ROANOKE TIMES

                         Roanoke Times
                 Copyright (c) 1995, Landmark Communications, Inc.

DATE: SATURDAY, June 12, 1993                   TAG: 9306120037
SECTION: SPORTS                    PAGE: B3   EDITION: METRO 
SOURCE: Bill Brill
DATELINE: DURHAM, N.C.                                LENGTH: Medium


FOOTBALL POWERS DRAW A LINE OF SCRIMMAGE

The lines are drawn, the challenges made.

During the recent College Football Association meeting in Dallas, they even brought in former Notre Dame vice president Edmund Joyce. Whatever else Joyce was during his many years in South Bend, he was a football man.

The 76-year-old priest said "militant females" were trying to kill football. Betcha that got a loud ovation.

There are, sad to say, some women who are so involved in creating equality and proportionality in college athletics that they don't give a hoot what happens to football.

The thought here is that group cannot be permitted to win, even though in this era of gender concerns it has become increasingly difficult to say no.

But the reaction of the CFA, which includes all of football's biggies except the Big Ten and Pacific 10 conferences, appears to be equally unbending.

Even though there is almost no chance these demands will be met, the CFA is insisting:

Scholarships will not be cut below 85 total and 25 a year. (If you can figure out how 85 and 25 over five years meshes, let me know.)

Training tables will be permitted in the off-season and coaches can continue the expensive practice of taking their team to an off-campus hotel on Fridays before home games.

A spring game will be permitted against a rival school.

Athletes will be given five years of eligibility in the five years allotted to graduate. "This is a no-brainer," said Texas A&M coach R.C. Slocum, noting that most freshmen are redshirted. The one with no brain is Slocum. With that plan, nobody would be programmed to graduate in four years.

What the CFA is saying is clear: "Don't mess with us."

What the organization should be doing is striking a conciliatory pose, offering to negotiate, to find a middle road.

These things are certain: Everybody is having financial problems, and yet schools must find a way to put more scholarships, more money, into women's programs.

As the one sport that has no female equivalent, and the one that - by far - has the most participants and costs the most money, football is the sport where cuts can be made without substantially altering or ruining the product.

The coaches, not surprisingly, don't see it that way.

The five-year-plan reflects how narrowly football people think on occasions. No other sport would even consider the notion. Nobody else sticks around that long. No other sport has massive amounts of redshirting.
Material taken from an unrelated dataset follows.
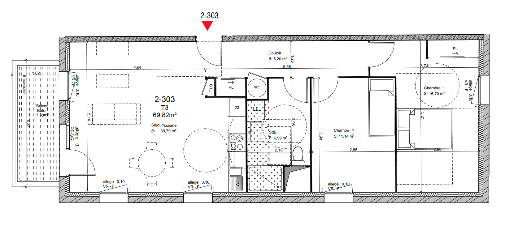 169 400€ Appt. T3 65.03m2 2ème
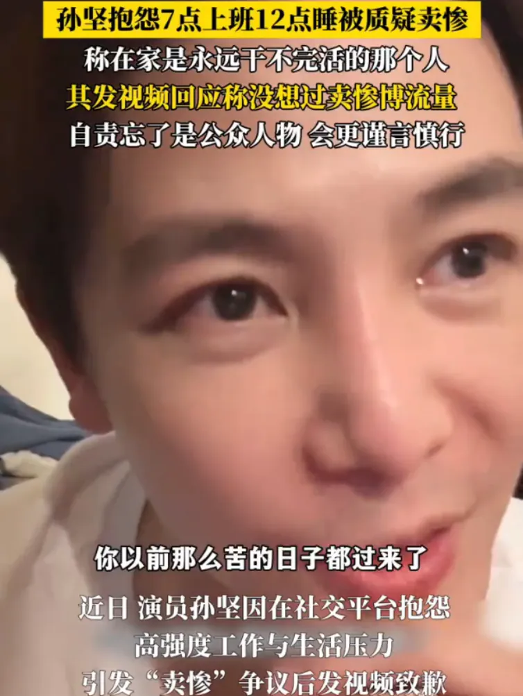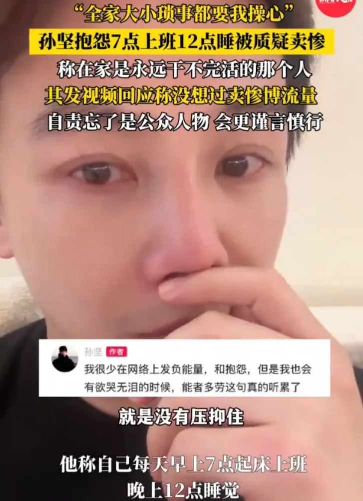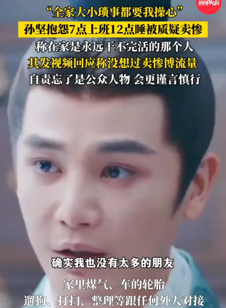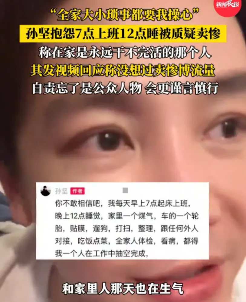 “早上7点起床,半夜12点睡觉,家里从贴膜、遛狗到全家看病全找我——能者多劳?这话我真听累了!”演员孙坚一条抖音视频,瞬间引发两极评论。有人心疼:“明星也逃不过中年顶梁柱的命!”更多人火大:“日入百万喊累?普通人天天这么过找谁说理!”

The theory that a spring game would be a major moneymaker doesn't fly. Only the Top 20 teams could line up opponents that would fill stadiums, and I'm not sure even that would occur anywhere outside the Deep South.

Spring football didn't work for the pros and it wouldn't be a hit for the colleges, either.

The coaches stubbornly insist that taking the team to a hideaway on Friday night is a good idea. Why that is so only for football and not any other sport has yet to be explained.

The fact is that cuts are coming, and the CFA should be preparing to negotiate rather than deciding to be the militant right.

The likelihood is that these changes will be made in January at the NCAA convention:

The position of recruiting coordinator will be eliminated, with those duties handled by a position coach.

No more than seven coaches will be permitted to recruit, leaving two at home at all times.

Whether there will be further scholarship cuts or not isn't certain. But a CFA that demonstrates a willingness to be a partner in financial solutions is certain to receive a warmer welcome from the voting delegates.

One thing about college football always has puzzled me: Nobody seems willing to accept the fact that no matter what cuts are made, they'll be the same for everybody. They'll still play the same number of games, and when all is said and done, the total record will be .500.

You can't tell me the crowds will stay home if Virginia and Virginia Tech play with each side having only 70 scholarship players, or squads limited to 95 with the home team sleeping in dorms on Friday night.

What the CFA doesn't need to do now is cry wolf.